30 ilde 800 yaşlı ile görüşüldü
“Yaşlılarda yalnızlık düzeylerinin bazı değişkenler açısından incelenmesi, yalnızlığın anlamı ve nedenlerinin ortaya çıkarılması” amacıyla yapılan araştırma, Türkiye genelinde 30 ilde 400’ü kadın 400’ü erkek 800 kişi ile Ekim – Aralık 2024 aylarında yüz yüze görüşme yoluyla gerçekleştirildi.
Her 10 yaşlıdan sadece 3’ü yalnız hissetmiyor!

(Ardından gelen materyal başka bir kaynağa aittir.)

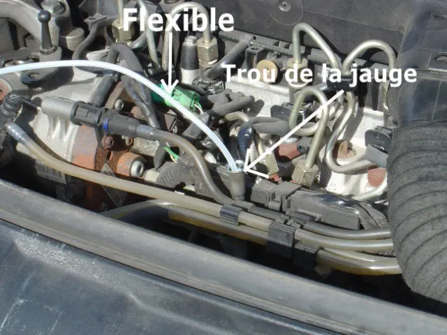 - Plongez le flexible dans le carter par le trou de la jauge.
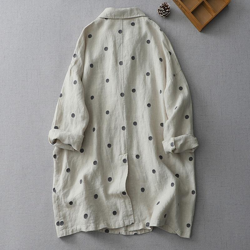 2025 весна-осень женская льняная куртка в горошек с длинными рукавами свободный костюм средней и длинной длины с тонким тренчем M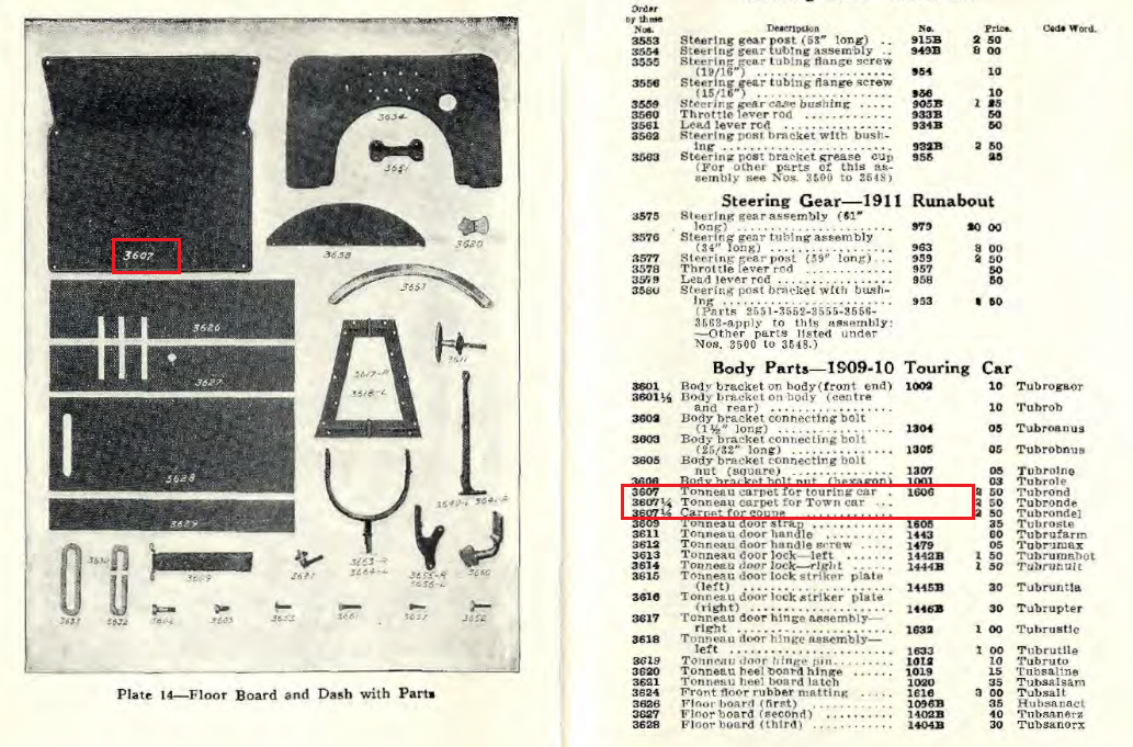April 1914 List: '09-'10 p/n 3607 is listed as "Tonneau (sic rear) carpet for Touring Car" 33 1/4" x 32 3/8" with Factory Number 1606A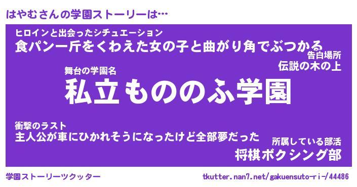 | 男性向けラノベタイトル風あだ名 | 『はやむの憂鬱』 |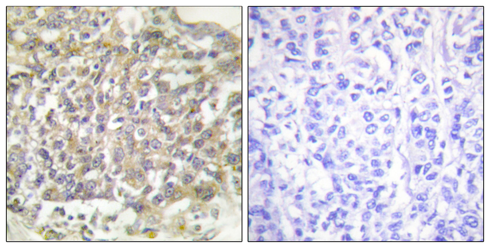 Immunohistochemical analysis of paraffin-embedded human breast carcinoma tissue using Shc (Ab-349) antibody. |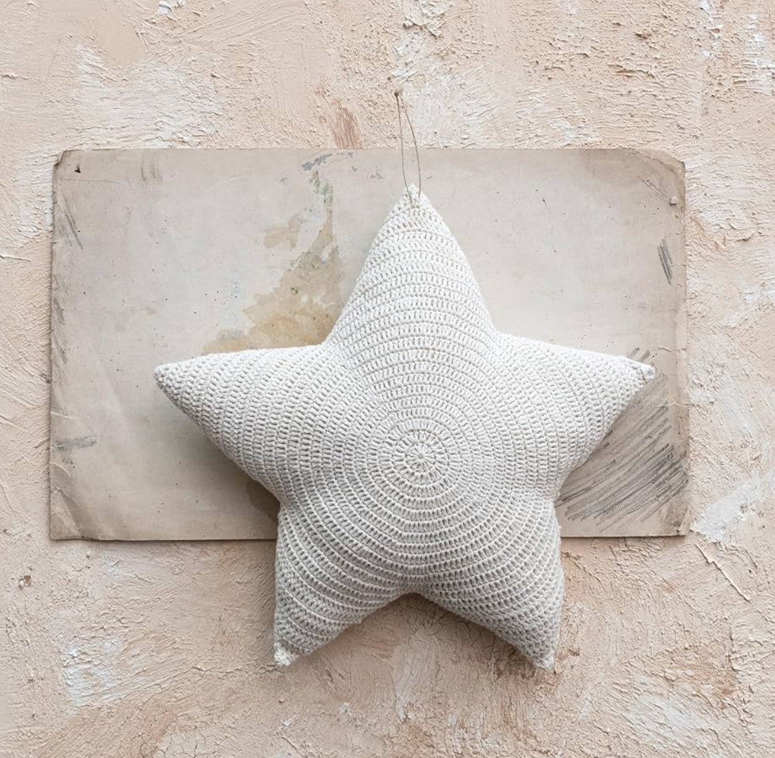 Add a touch of whimsy to your space with this charming Crochet Star Pillow, lovingly crafted from soft, reclaimed cotton in a versatile cream hue. Its delicate handwoven texture and unique star shape make it the perfect accent for nurseries, reading nooks, or cozy corners.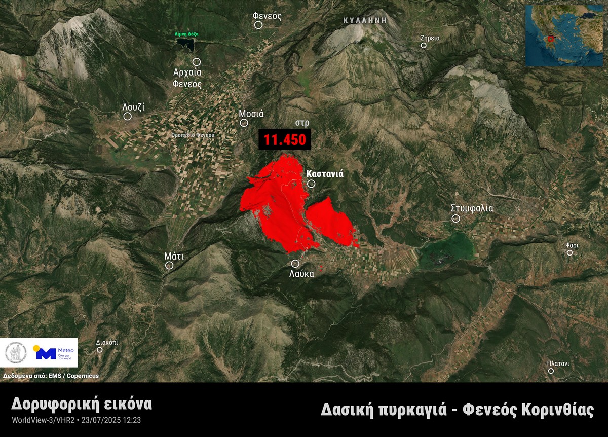 Δορυφορικά δεδομένα πολύ υψηλής ανάλυσης από τον δορυφόρο WorldView-3 (αισθητήρας VHR2) που πέρασε πάνω από την περιοχή το μεσημέρι της Τρίτης 23 Ιουλίου 2025 και επεξεργάστηκε η ομάδα του meteo.gr / Εθνικού Αστεροσκοπείου Αθηνών, αποκαλύπτουν την έκταση της περιοχής που επλήγη από τη μεγάλη δασική πυρκαγιά στον Φενεό Κορινθίας.

En genci 60 yaşında olan katılımcıların yüzde 68’i evli, yüzde 32’si ise bekar, dul veya boşanmış. “Ne kadar yalnız hissediyorsunuz?” sorusuna katılımcıların yüzde 34’ü ‘yalnız hissetmediğini’, yüzde 34’ü ‘ara sıra yalnız hissettiğini’, yüzde 32’si de ‘sık yalnız hissettiğini’ söyledi. 2022’de yapılan aynı araştırmada ‘yalnız hissetmeyenlerin oranı’ yüzde 36, ‘sık yalnız hissedenlerin oranı’ yüzde 34 ve ‘ara sıra yalnız hissedenlerin oranı’ ise yüzde 30’du.
Kimler daha yalnız hissediyor?
Araştırmaya katılan evlilerin yüzde 25’i, bekar, dul veya boşanmışların yüzde 47’si, çocuğu olanların yüzde 31’i ve çocuğu olmayanların da yüzde 46’sı, yalnız yaşayanların yüzde 57’si, yalnız yaşamayanların yüzde 25’i, evcil hayvanı olanların yüzde 31’i ve evcil hayvanı olmayanların yüzde 32’si yalnız hissediyor. Kendisini sağlıklı hissetmeyenlerin yüzde 40’ı, sağlıklı hissedenlerin yüzde 19’u, kronik hastalığı olanların yüzde 57’si, yakınlarından destek alanların da yüzde 45’i yalnız hissettiğini dile getiriyor.
Yalnızlık deyince aklınıza ne geliyor?
“Yalnızlık deyince aklınıza ne geliyor?” sorusuna katılımcıların yüzde 85’i “can sıkıntısı, endişe, mutsuzluk, tek başına olmak, kötü/kötümser” gibi negatif duygu dile getirdi.
Boş vakitlerinde neler yapıyorlar?
Katılımcıların boş vakitlerinde neler yaptıklarında bakıldığında ise yüzde 98’i bireysel aktivite, yüzde 54’ü dış aktiviteler, yüzde 47’si iletişim odaklı aktiviteler, yüzde 30’u spiritüel aktiviteler, yüzde 30’u kişisel gelişim, yüzde 15’i spor aktiviteleri ve yüzde 9’u da sanatsal aktiviteler olarak yanıt verdi.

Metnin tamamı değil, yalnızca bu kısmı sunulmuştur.